A series of "crossover" books, bridging prose fiction and comics, was the eight-volume Weird Heroes series of anthologies and novels (1975–77), where new superheroes and pulp-magazine-style adventure heroes were featured, as edited for Pyramid by Byron Preiss, and featuring contributions from, among others, Ellison, Philip José Farmer, Jeff Jones, Archie Goodwin, Michael Moorcock, Beth Meacham, Jim Steranko, Ted White and novels as well as short fiction by Ron Goulart. Another Preiss project with Pyramid was in more-traditional, if early, graphic novel format, the Fiction Illustrated series.

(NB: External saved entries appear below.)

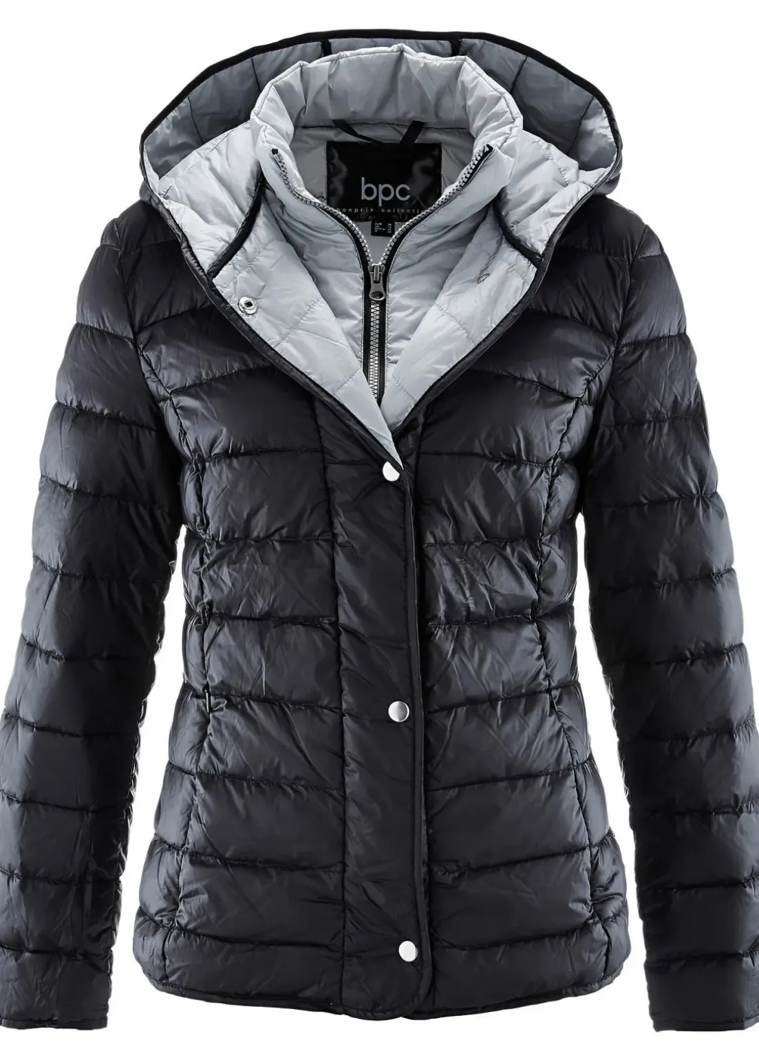 Diese wärmende Jacke der Marke bpc überzeugt mit ihrem kontrastfarbigen 2-in-1 Design. Sie zeichnet sich durch einen hohen Stehkragen und eine große Kapuze aus. Eine Druckknopfleiste verdeckt den durchgängigen Reißverschluss.Die Jacke ist mit ultra leichter Daune gefüttert und attraktiv gesteppt. Zwei Reißverschlusstaschen auf der Vorderseite geben dem Modell den letzten Schliff.
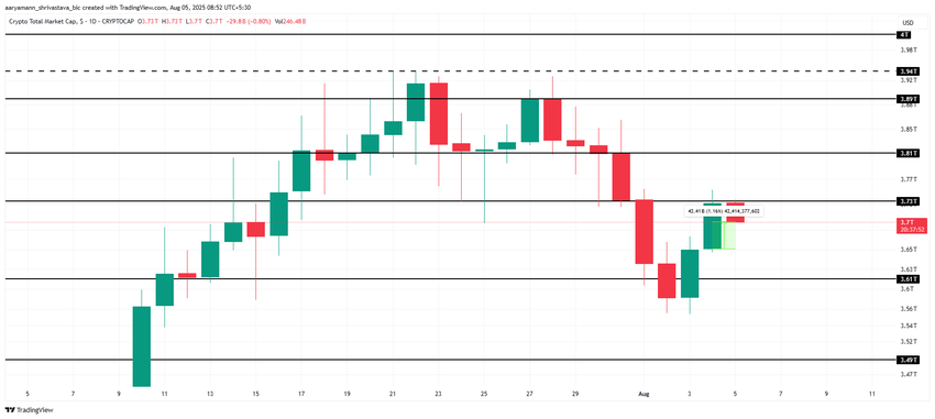 O valor total do mercado de criptomoedas aumentou em US$ 42 bilhões nas últimas 24 horas, atingindo US$ 3,70 trilhões. Apesar desse movimento positivo, o mercado enfrentou resistência em US$ 3,73 trilhões, impedindo novos ganhos. Esse nível permanece crítico para a continuidade do impulso ascendente do mercado de criptomoedas.
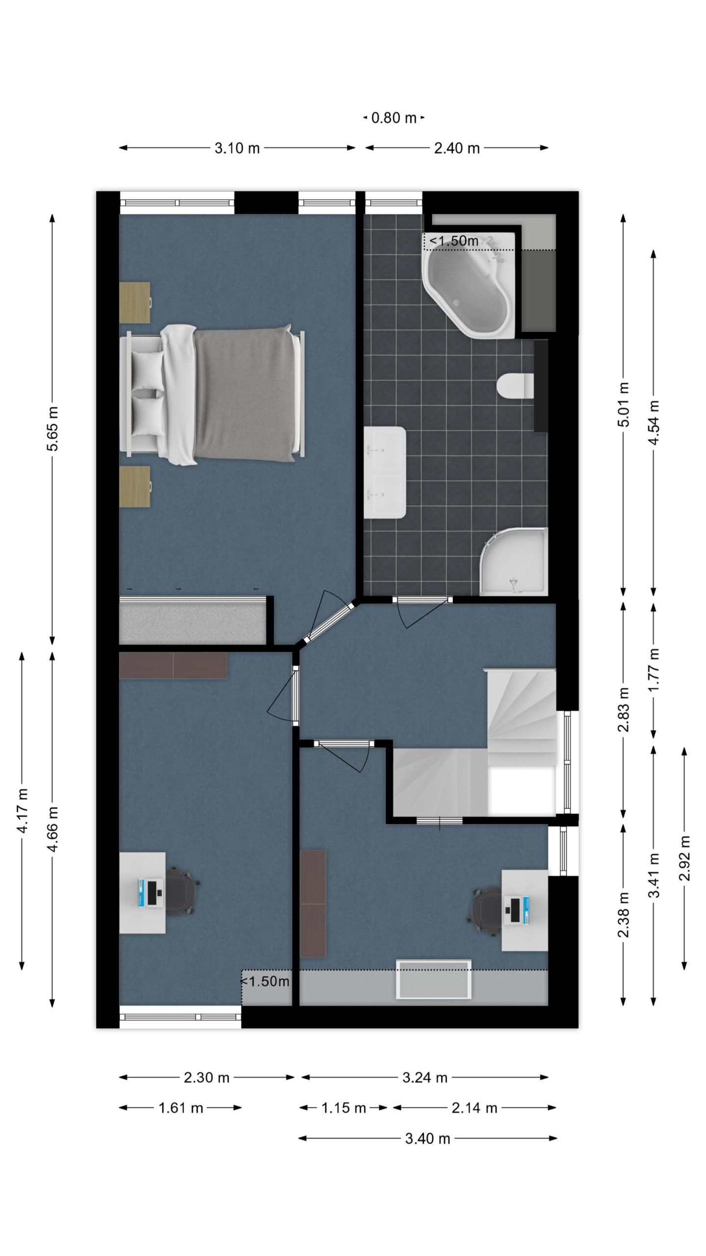 De grootste slaapkamer ligt aan de achterzijde en beschikt over een dakkapel en een op maat gemaakte schuifkast.
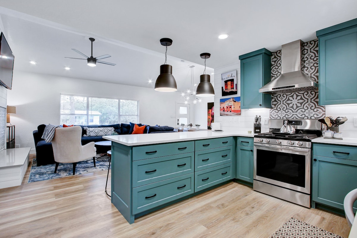 Este es el Airbnb más lujoso, único, contemporáneo y relajante de todo San Antonio. La reciente RENOVACIÓN COMPLETA DE LA CASA supera el nivel de calidad que uno esperaría en un centro vacacional de alta gama, ya que cuenta con baños completamente nuevos llenos de mármol, chorros corporales, duchas de efecto lluvia, iluminación controlada por la aplicación LED de Philips y nuevos tocadores y espejos LED contemporáneos. No escatimamos en gastos y amueblamos la casa con muebles de alta gama, haciendo que parezca una sala de exposición de Zgallerie.
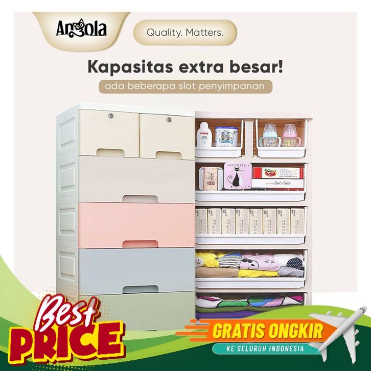 [Mall] ANGOLA LEMARI PLASTIK PAKAIAN 5 TINGKAT C68 LACI SUSUN STORAGE CABINET PLASTIK RAK SUSUN PENYIMPANAN BAJU
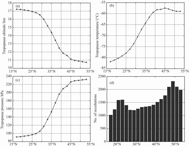 图 3 2008年中国区域对流层顶高度(a)、温度(b)、气压(c)和掩星事件数量(d)随纬度的变化 Fig. 3 The variation of tropopause height (a), temperature (b), pressure (c) and number of occultations (d) with latitude over China in 2008 |
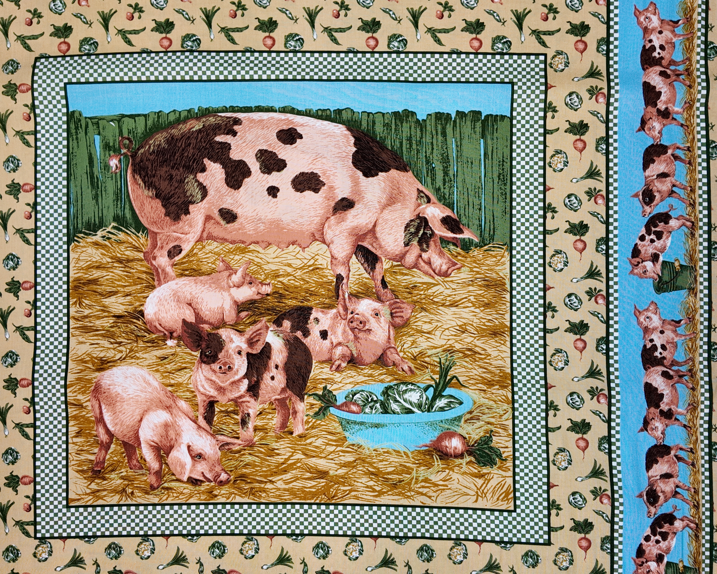 Une scène paisible s’étend autour de la truie et de ses petits, baignés dans une chaleur dorée. Le foin accueille leurs mouvements tendres, tandis que le bleu du bassin apporte une fraîcheur légère. Le vert du jardin en arrière-plan clôt la composition dans une atmosphère simple et généreuse.

The Jove branding was refocused not long after the purchase by the Putnam Berkeley Group, away from fantastic fiction generally and more toward crime fiction, further publication of John Jakes's and similar historical fiction, romance novels (including some with fantasy elements), and western series novels, such as the Longarm (book series) franchise; among the last notable fantasy-fiction titles as an HBJ/Jove Book was the 1979 variant edition of Robert Bloch's collection Pleasant Dreams, which varies in content from all previous editions (but like them, includes Bloch's fleshing out of an unfinished short story by Edgar Allan Poe, originally published as "The Light-House" in 1953).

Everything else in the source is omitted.